Para el padre (o madre) del niño no vacunado que expuso mi familia al sarampión:

Tengo una serie de sentimientos fuertes creciendo en todo mi cuerpo en este momento. Hacia mi familia, me siento extra protector como un papá oso. Hacia ti, padre que no crees en las vacunas, siento rabia y frustración escoge la opción que prefieras.

A estas alturas ya todos hemos escuchado del brote de sarampión que se originó en Disneylandia. O más exactamente, se originó a partir de una persona no vacunada que infectó a otros con la misma mentalidad. No voy a entrar en un debate sobre el movimiento anti-vacunas, la controversia sobre el timerosal (que ya ni siquiera se usa en las vacunas infantiles), o el mito de que la vacuna MMR* causa autismo (hay cambios en la química del cerebro autista antes del nacimiento).

Hablemos del sarampión por un minuto. En el pasado se extendió por todos los EE.UU. En la actualidad se considera ‘eliminado’ en los EE.UU. (no circula continuamente en la población, sólo se contrae a través de viajes fuera del país). El sarampión es altamente contagioso (> 90 por ciento infeccioso) y puede sobrevivir en el aire en una habitación e infectar a alguien dos horas más tarde. Otro hecho divertido es que el sarampión es transmisible antes de que pueda ser diagnosticado – cuatro días antes de que aparezca la erupción característica. “El sarampión es desagradable, pero las complicaciones son peligrosas. Entre 6 y 20 por ciento de las personas que contraen la enfermedad también tendrán una infección de oído, diarrea, o incluso neumonía. Una de cada 1.000 personas con sarampión desarrollará inflamación del cerebro, y aproximadamente una de cada 1.000 morirá “. Eso suena divertido!

Bueno.

Mejor me calmo.

Supongo que usted ama a su hijo igual que yo amo a la mía. Supongo que usted está tratando de tomar buenas decisiones respecto a su cuidado. Por favor, dese cuenta de que su hijo no vive en una burbuja. Cuando su hijo se enferma, los demás niños están expuestos. Mis hijos. ¿Por qué exponer intencionalmente a otras personas a su niño no vacunado y recientemente enfermo luego de visitar Disneylandia? Ese fue un acto irresponsable.

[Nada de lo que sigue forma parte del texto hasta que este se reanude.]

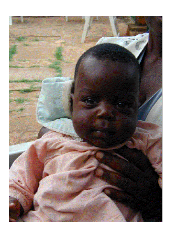
Photograph 3, Case 2: 4 month old baby, reportedly beaten form political reasons at the age of 1 week.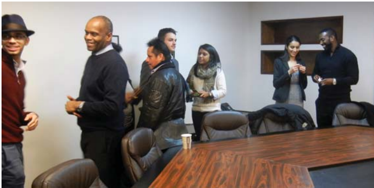
LEFT Local small business owners mingle and recap following the discussion

¿Por qué me afecta esto a mí y a los míos? ¿Por qué está mi familia en riesgo a pesar de estar vacunados? Me alegra que pregunte.

Cuando hablamos de sarampión, hay cuatro grupos de personas. Todos están representados en mi familia. En primer lugar, la vacuna MMR resulta en inmunidad para la mayoría de quienes la reciben. Dos dosis proporcionan protección que puede ser confirmada con exámenes sanguíneos. Mi esposa está en este grupo.

En segundo lugar, alrededor del 3 por ciento de los niños completamente vacunados no desarrollan una respuesta inmune duradera. Tienen exámenes  sanguíneos bajos y no están protegidos contra el sarampión. Aquellos en este grupo que sean expuestos, probablemente contraerán la enfermedad. Yo estoy en este grupo. Por suerte no fui expuesto.

Niños que no pueden ser vacunados

En tercer lugar, tenemos los no vacunados. Mi hijo, Eli, tiene 10 meses de edad. Él es demasiado joven para recibir la vacuna triple y por lo tanto no tiene protección. Ya sea por la negativa a ser vacunados o porque son demasiado jóvenes, los niños no vacunados expuestos tienen una probabilidad del 90 por ciento de contraer sarampión.

En cuarto lugar, hay niños como mi Maggie. Estos son niños que no pueden ser vacunados. Los niños que tienen cáncer. Niños que tienen problemas de inmunización. Finalmente los niños que son alérgicos a una vacuna o parte de una vacuna (como decir alergia al huevo). Estos niños permanecen en riesgo. Ellos no pueden ser protegidos, excepto mediante la vacunación de las personas que los rodean.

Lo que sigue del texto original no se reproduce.